Capitalism does not require a lack of empathy- quite the reverse. Good capitalists help every stakeholder, from paying everybody well to providing great, safe, products and excellent returns. The US system is sickening sometimes.
Capitalism is a an extremely old game design, an MMO created to solve the complex barter chain problem. One of the game's many exploits is that sociopaths (and anyone they train through reward to override their sense of empathy) have an unfair advantage.

The key to the exploit is at the heart of the core gameplay mechanic, which is that every transaction in capitalism is a codec that decimates the complex history and state of the values and liabilities of a good or service down to a single number- the price.

So hiding the abuses of others is one of the many exploits you can hide in the compression artifacts of this global codec. The key workarounds for the exploits in scalar money commerce come in the form of laws, regulations, and investigative journalism.

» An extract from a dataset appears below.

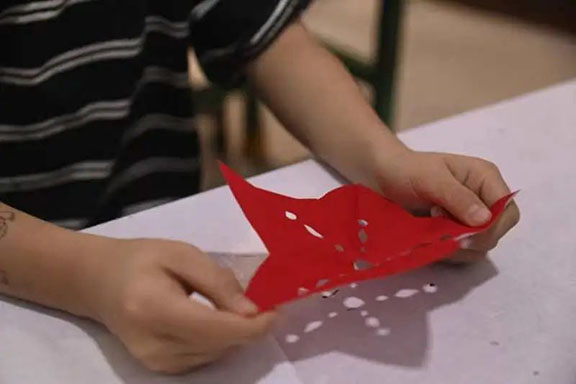 带着这份热忱,团队成员们前往山东省菏泽市牡丹华街道为当地儿童开展“指尖梦想,伴我童行”爱国教育宣讲活动。以东南乡党史为素材,为孩子们讲述了红色抗日革命故事。同时,耐心教授剪纸技艺,引导他们剪出代表团结的星星、代表和平的鸽子、代表勇敢的冲锋号等作品。

These are all extremely high-latency, low-reliability workarounds.

Scalar money commerce was invented as a low-tech, distributed hack to solve the complex barter chain problem. It worked, but it always had issues, and it didn't scale well.

We need to evolve beyond this primitive system of commerce that decimates everything to a single number at each transaction to one that journals state with long vectors of information tracking millions of dimensions of value and liability, and that uses more sophisticated game design and graph algorithms to solve complex barter chain problems.